Using Lagrangian coherent structures to investigate upwelling and physical process in the Gladstone coastal region

Abstract

Coastal upwelling plays an important role in the exchange of nutrients and pollutants. Understanding of upwelling and its predictors allows for important management of nutrient-enriched coastal waters. This study presents an analysis of coastal upwelling with a focus on Gladstone, Queensland (Australia). Particularly, Lagrangian coherent structures (LCSs) are used to quantify the spatio-temporal variability of upwellings, and to reveal the relationships between the surface mixing and physical properties of water masses and oceanographic activity in the Gladstone region.
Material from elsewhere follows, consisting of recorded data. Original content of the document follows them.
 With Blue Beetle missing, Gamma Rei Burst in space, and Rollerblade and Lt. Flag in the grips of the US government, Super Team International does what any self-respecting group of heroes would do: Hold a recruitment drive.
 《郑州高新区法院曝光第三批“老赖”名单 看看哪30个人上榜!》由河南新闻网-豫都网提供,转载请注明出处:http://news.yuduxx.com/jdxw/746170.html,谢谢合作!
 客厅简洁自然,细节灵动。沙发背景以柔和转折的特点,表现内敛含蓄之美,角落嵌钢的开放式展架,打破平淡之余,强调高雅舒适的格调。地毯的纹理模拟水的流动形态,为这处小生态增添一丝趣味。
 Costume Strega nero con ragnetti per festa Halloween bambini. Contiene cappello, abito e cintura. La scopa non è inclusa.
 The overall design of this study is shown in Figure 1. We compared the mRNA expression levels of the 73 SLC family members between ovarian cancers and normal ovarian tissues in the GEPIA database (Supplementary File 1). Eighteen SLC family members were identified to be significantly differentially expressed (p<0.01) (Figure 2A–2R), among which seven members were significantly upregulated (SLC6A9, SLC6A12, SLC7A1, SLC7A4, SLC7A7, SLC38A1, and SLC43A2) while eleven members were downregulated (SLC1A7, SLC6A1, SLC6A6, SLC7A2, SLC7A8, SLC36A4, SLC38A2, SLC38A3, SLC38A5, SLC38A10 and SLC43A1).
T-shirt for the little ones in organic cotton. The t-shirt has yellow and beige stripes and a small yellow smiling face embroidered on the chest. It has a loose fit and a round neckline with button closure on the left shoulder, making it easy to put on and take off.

Four different seasonal selections of water surface velocity data (for summer, autumn, winter and spring) are compared with wind, sea surface temperature (SST), sea surface salinity and density data to investigate the coastal upwelling area. The surface mixing is calculated based on the backward Finite-Time Lyapunov Exponent (FTLE) diagnostic approach of LCSs. The strong seasonality of upwelling largely follows seasonal patterns of winds. Results highlight how upwelling behaviour varied with the intensity of cyclones. The core conclusion is that upwelling dynamics, estimated using classic means such as SST, have a strong correlation with the FTLE metric of LCSs. The potential upwelling hotspot shows that on average, it has 17.3% of its area above the FTLE threshold, compared to a non-upwelling area which has a corresponding percentage of 0.64%. This relationship makes it possible to define different upwelling locations, and properties of upwellings (e.g., seasonal variability, cyclone effect) as a function of FTLE, a derivative of the surface velocity field. Therefore, LCSs can be used to predict surface mixing and upwelling behaviour in coastal water systems.